Salesman, 12/2010 Sales
Han Solo, 827
Luke Skywalker, 1207
Mace Windu, 1162
Anakin Skywalker, 1385
Qui-Gon Jinn, 1071
Obi-Wan Kenobi, 1121
Bail Organa, 1163
Boba Fett, 932
Wedge Antilles, 1393
Lando Calrissian, 1141

Build the spreadsheet like this:
Sort Value Salesman 12/2010 Sales Name converted to number
=C2+D2 Han Solo 827 =(CODE(MID(B2,1,1))+CODE(MID(B2,2,1))+CODE(MID(B2,3,1))+CODE(MID(B2,4,1)))/1000000
=C3+D3 Luke Skywalker 1207 =(CODE(MID(B3,1,1))+CODE(MID(B3,2,1))+CODE(MID(B3,3,1))+CODE(MID(B3,4,1)))/1000000
=C4+D4 Mace Windu 1162 =(CODE(MID(B4,1,1))+CODE(MID(B4,2,1))+CODE(MID(B4,3,1))+CODE(MID(B4,4,1)))/1000000
=C5+D5 Anakin Skywalker 1385 =(CODE(MID(B5,1,1))+CODE(MID(B5,2,1))+CODE(MID(B5,3,1))+CODE(MID(B5,4,1)))/1000000
=C6+D6 Qui-Gon Jinn 1071 =(CODE(MID(B6,1,1))+CODE(MID(B6,2,1))+CODE(MID(B6,3,1))+CODE(MID(B6,4,1)))/1000000
=C7+D7 Obi-Wan Kenobi 1121 =(CODE(MID(B7,1,1))+CODE(MID(B7,2,1))+CODE(MID(B7,3,1))+CODE(MID(B7,4,1)))/1000000
=C8+D8 Bail Organa 1163 =(CODE(MID(B8,1,1))+CODE(MID(B8,2,1))+CODE(MID(B8,3,1))+CODE(MID(B8,4,1)))/1000000
=C9+D9 Boba Fett 932 =(CODE(MID(B9,1,1))+CODE(MID(B9,2,1))+CODE(MID(B9,3,1))+CODE(MID(B9,4,1)))/1000000
=C10+D10 Wedge Antilles 1393 =(CODE(MID(B10,1,1))+CODE(MID(B10,2,1))+CODE(MID(B10,3,1))+CODE(MID(B10,4,1)))/1000000
=C11+D11 Lando Calrissian 1141 =(CODE(MID(B11,1,1))+CODE(MID(B11,2,1))+CODE(MID(B11,3,1))+CODE(MID(B11,4,1)))/1000000

Let's break it down. First, build the column to the right of the sales numbers. This column takes the salesperson's name and converts the first four characters to a number. Given that the first four characters of each salesperson's name is different, this provides a unique value that we can use to identify the salesperson. We divide it by 1,000,000 so that it has little effect on the sorting value.
Then build the column to the left of the names. This combines the value we want to sort by with the unique salesperson identifier. This becomes the new value we will sort by.
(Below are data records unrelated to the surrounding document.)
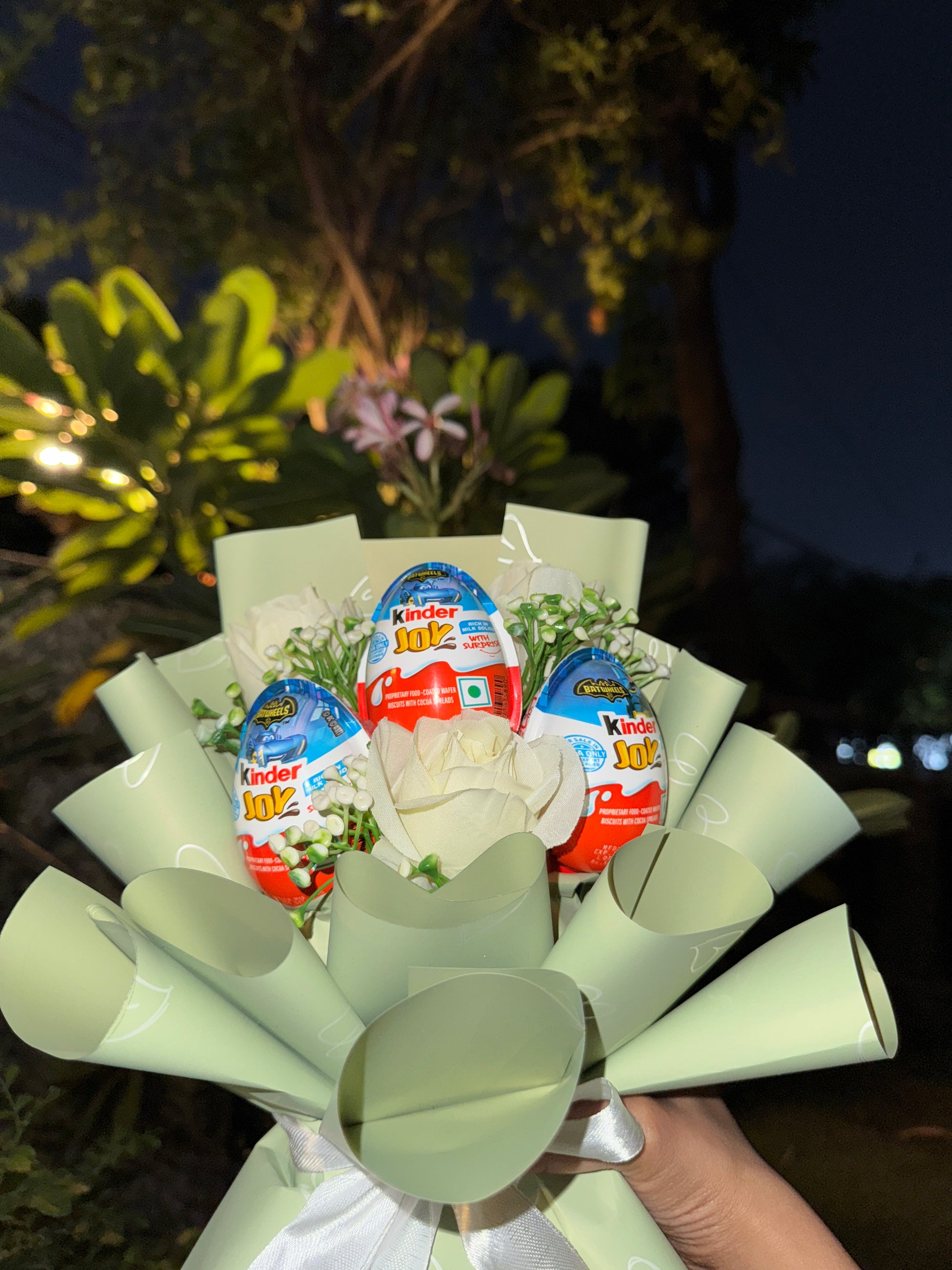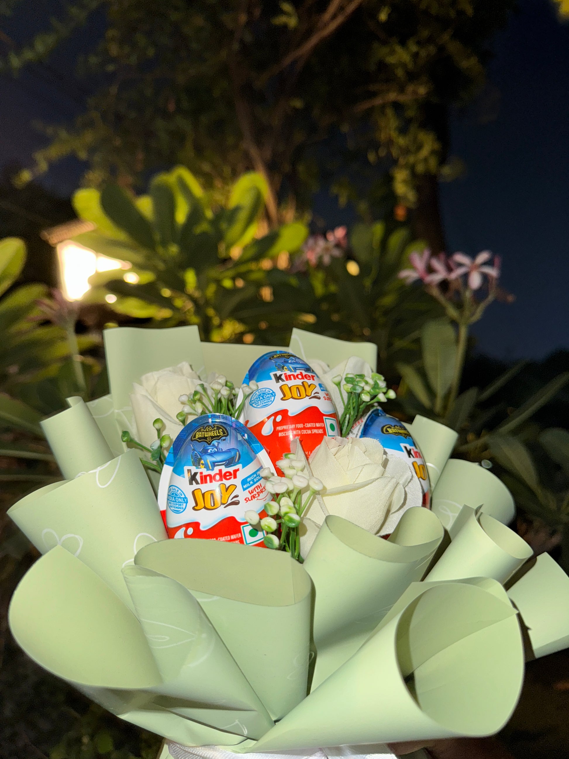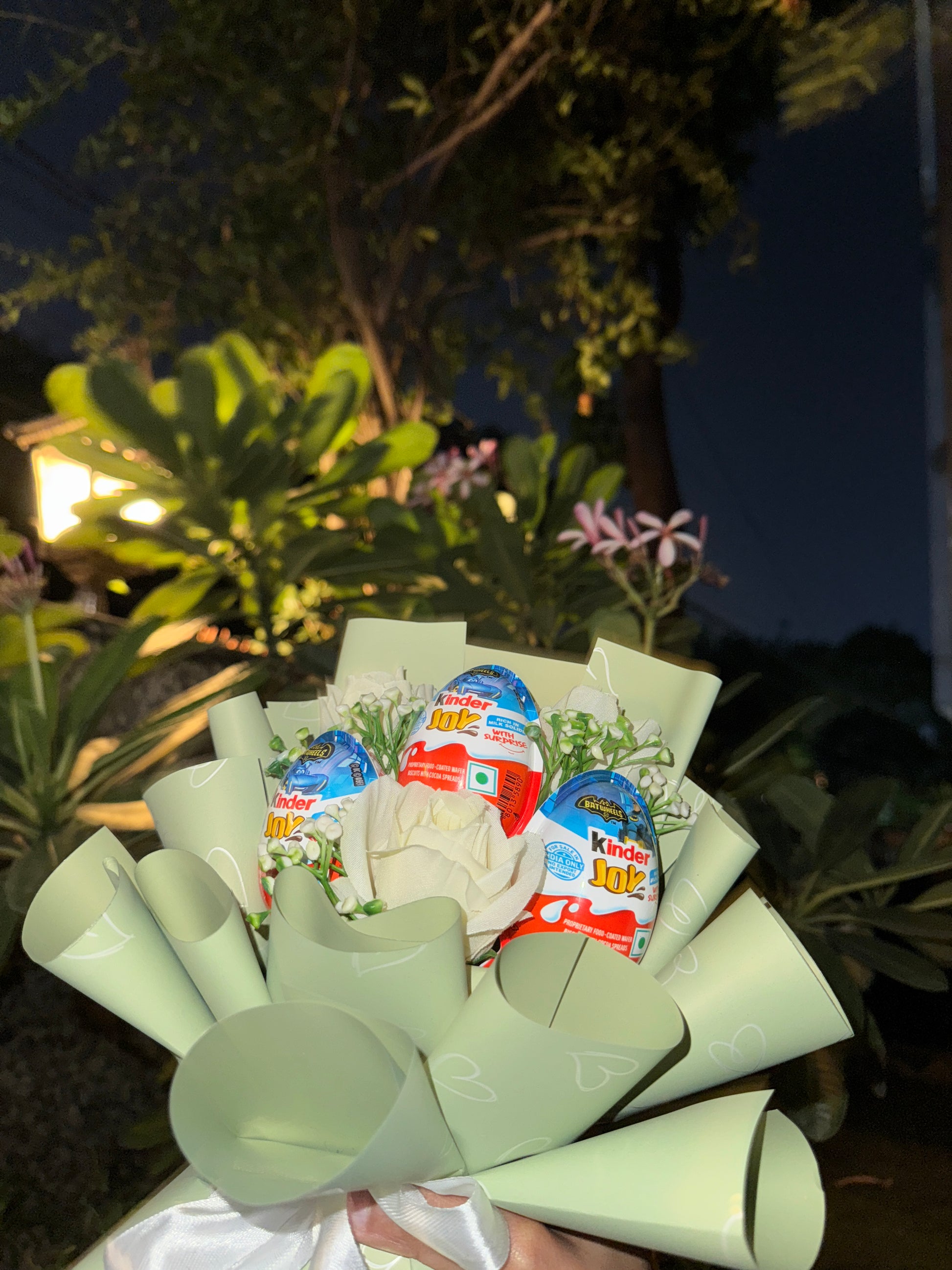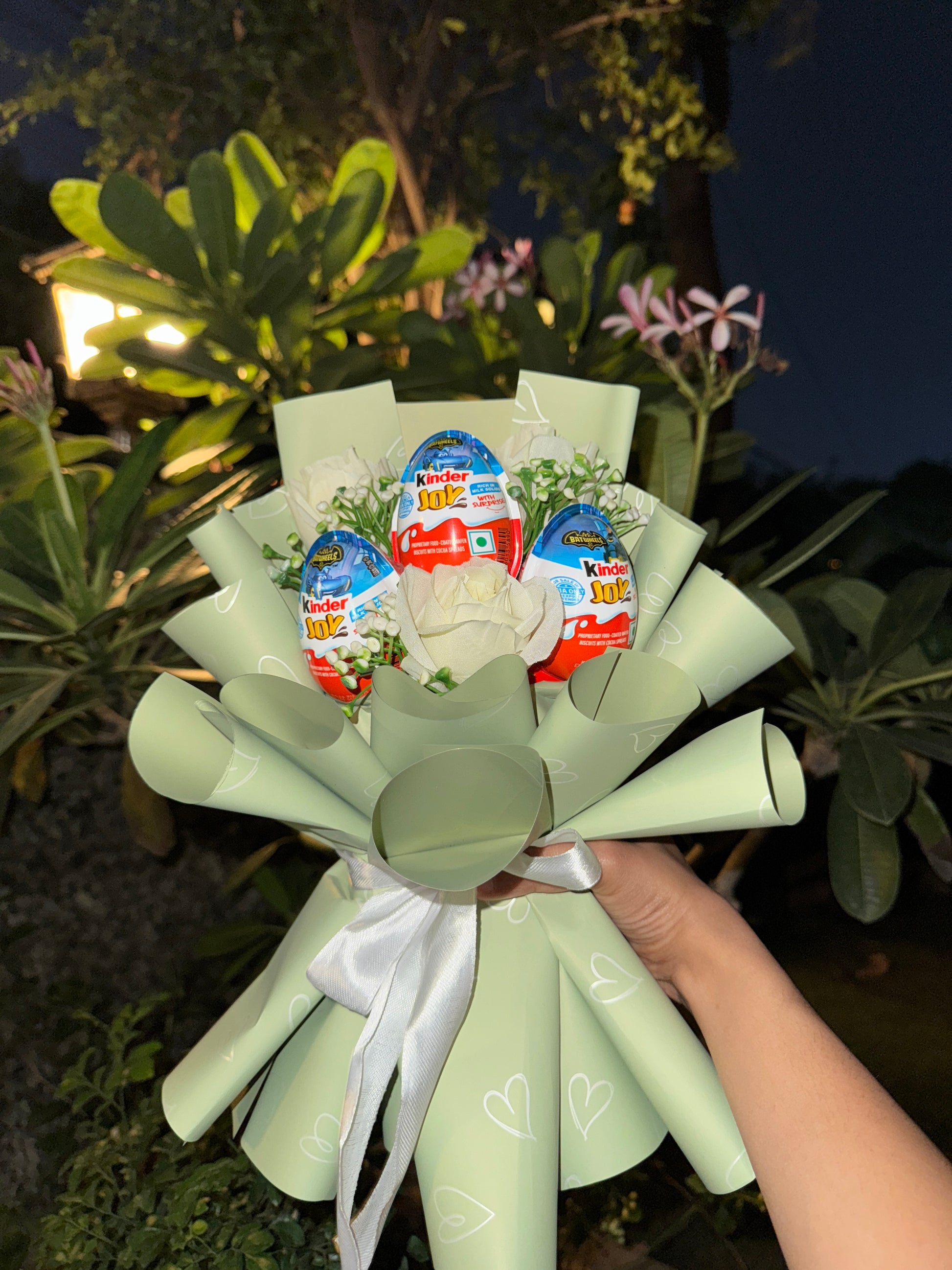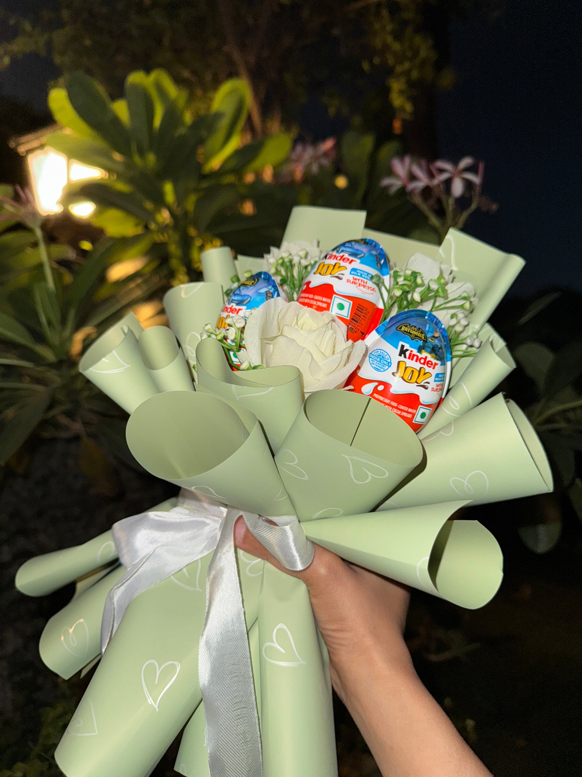 Make celebrations extra special with this Batman Batwheels Kinder Joy Bouquet, a delightful combo of charm and flavor. Featuring 3 Batman Edition Kinder Joy eggs and beautifully arranged white artificial flowers, this bouquet is wrapped in elegant mint green paper with cute heart patterns – a perfect blend of playfulness and elegance.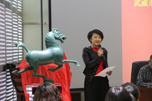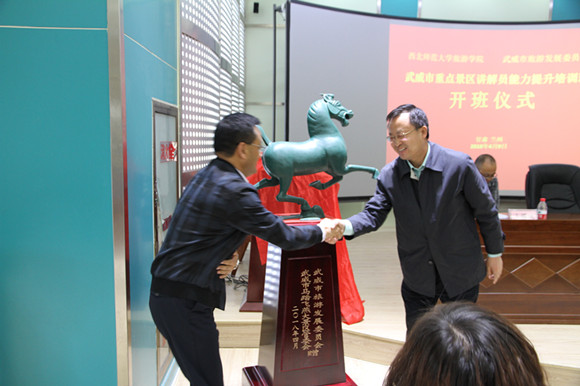 武威市旅游发展委员会副主任张银山代表武威市旅游发展委员会为永利yl23411集团官网赠送了中国旅游标志铜奔马。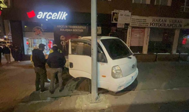 Çalıntı araçla yakıt alırken polisi gördü, kaçarken direğe çarptı
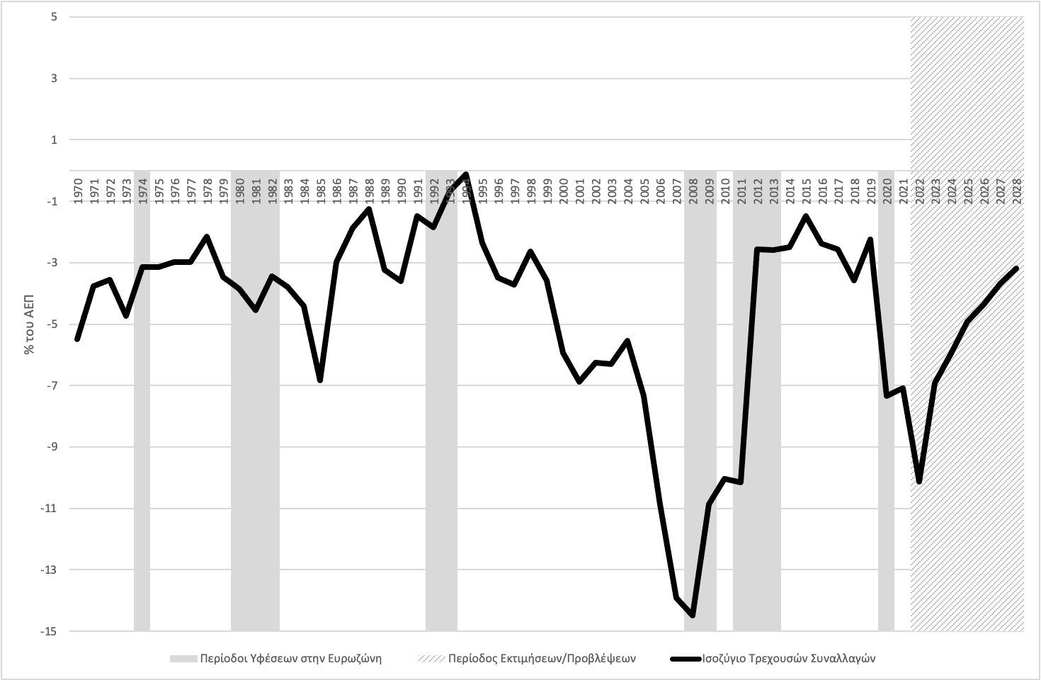 Το έλλειμμα του ισοζυγίου τρεχουσών συναλλαγών αναμένεται να είναι στο 6,9% του ΑΕΠ το 2023, από 9,6% του ΑΕΠ το 2022. Στη συνέχεια προβλέπεται ότι θα συνεχίσει να μειώνεται, αλλά προβλέπεται να παραμείνει πάνω από το 3% του ΑΕΠ μέχρι το 2028 ( Γράφημα 4). Πρόκειται για μια πολύ ανησυχητική εξέλιξη, καθώς η κυριότερη αιτία της κρίσης δανεισμού του 2010 και της μεγάλης καθίζησης που ακολούθησε ήταν η ταχεία συσσώρευση εξωτερικού χρέους μέσω των επίμονων ελλειμμάτων του ισοζυγίου τρεχουσών συναλλαγών.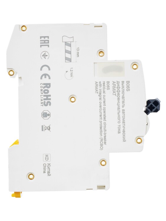 Автоматические выключатели д ифференциального тока (АВДТ) ARMAT серии B06S могут осуществляют функции защиты от токов перегрузки и короткого замыкания и защиты человека от токов замыкания на землю. Модельный ряд включает в себя устройства с номинальными токами от 6 до 32 А, характеристиками срабатывания по сверхтоку B и C, типами защит AC и A с номинальным дифференциальным током отключения 30 мА. Номинальная отключающая способность АВДТ ARMAT серии B06S составляет 6 кА.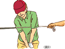 図3のようにゴルフクラブのシャフトを使って正しいアドレスのチェックをしてみましょう。左腕がやや伸びていて、右腕が曲がった状態、そして、体重はやや右足側にかけた姿勢でバックスイングをあげるようにトライしてみて下さい。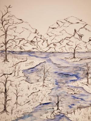 A slow moving river brings coolness to parched throats. © 2020 By Duane Kirby Jensen, 5 x 7 ink wipe on yupo medium $135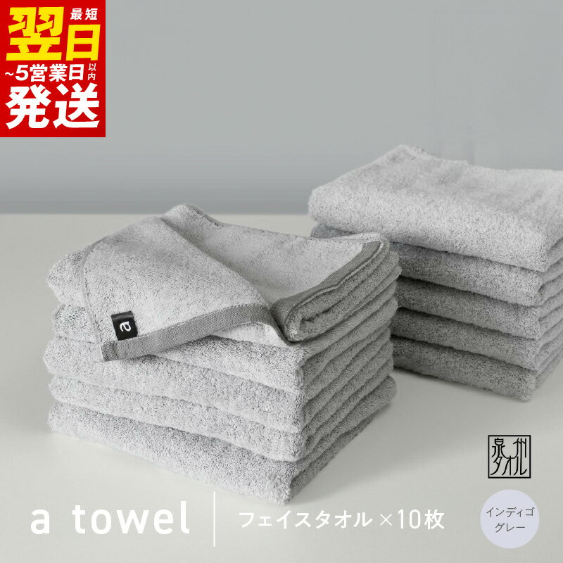 【ふるさと納税】【数量限定】a towel フェイスタオル 10枚セット インディゴグレー 速乾 吸水力 日常使い 日本製 泉州タオル 綿100% 最短 翌日発送 5営業日 送料無料 泉佐野市 防災グッズ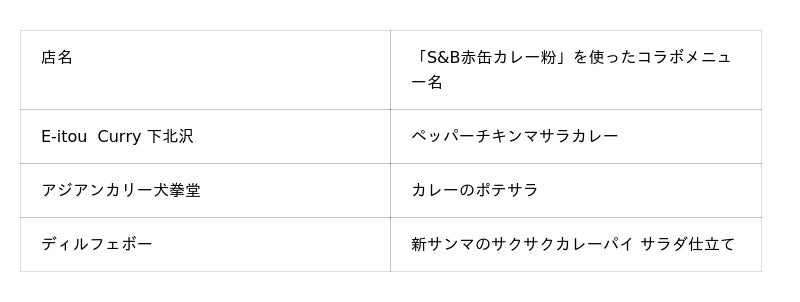 「S&B赤缶カレー粉」と「インドの青鬼」の特別メニュー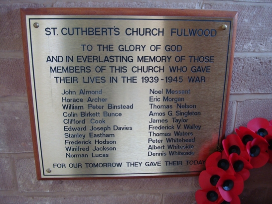 ST. CUTHBERT'S CHURCH FULWOOD/ TO THE GLORY OF GOD/ AND IN EVERLASTING MEMORY OF THOSE/ MEMBERS OF THIS CHURCH WHO GAVE/ THEIR LIVES IN THE 1939 - 1945 WAR/ (Names)/ FOR OUR TOMORROW THEY GAVE THEIR TODAY

Now we just need to pull the data together. In the first column below, i put the order i wanted the sales people in. I could have just as easily put these values into the formulas in the second column, but this was easier. The second column uses the LARGE function to display the values from the first column of the above table in descending order. The values returned here will be the unique combination of sales numbers and salesperson's name (converted to a number). We now will just need to get the salespeople's names and numbers based on the unique identifier. Use VLOOKUP for this.
Order Sorted Values Salesman Sales number
1 =LARGE($A$2:$A$11,A14) =VLOOKUP(B14,$A$2:$C$11,2,FALSE) =VLOOKUP(B14,$A$2:$C$11,3,FALSE)
2 =LARGE($A$2:$A$11,A15) =VLOOKUP(B15,$A$2:$C$11,2,FALSE) =VLOOKUP(B15,$A$2:$C$11,3,FALSE)
3 =LARGE($A$2:$A$11,A16) =VLOOKUP(B16,$A$2:$C$11,2,FALSE) =VLOOKUP(B16,$A$2:$C$11,3,FALSE)
4 =LARGE($A$2:$A$11,A17) =VLOOKUP(B17,$A$2:$C$11,2,FALSE) =VLOOKUP(B17,$A$2:$C$11,3,FALSE)
5 =LARGE($A$2:$A$11,A18) =VLOOKUP(B18,$A$2:$C$11,2,FALSE) =VLOOKUP(B18,$A$2:$C$11,3,FALSE)
6 =LARGE($A$2:$A$11,A19) =VLOOKUP(B19,$A$2:$C$11,2,FALSE) =VLOOKUP(B19,$A$2:$C$11,3,FALSE)
7 =LARGE($A$2:$A$11,A20) =VLOOKUP(B20,$A$2:$C$11,2,FALSE) =VLOOKUP(B20,$A$2:$C$11,3,FALSE)
8 =LARGE($A$2:$A$11,A21) =VLOOKUP(B21,$A$2:$C$11,2,FALSE) =VLOOKUP(B21,$A$2:$C$11,3,FALSE)
9 =LARGE($A$2:$A$11,A22) =VLOOKUP(B22,$A$2:$C$11,2,FALSE) =VLOOKUP(B22,$A$2:$C$11,3,FALSE)
10 =LARGE($A$2:$A$11,A23) =VLOOKUP(B23,$A$2:$C$11,2,FALSE) =VLOOKUP(B23,$A$2:$C$11,3,FALSE)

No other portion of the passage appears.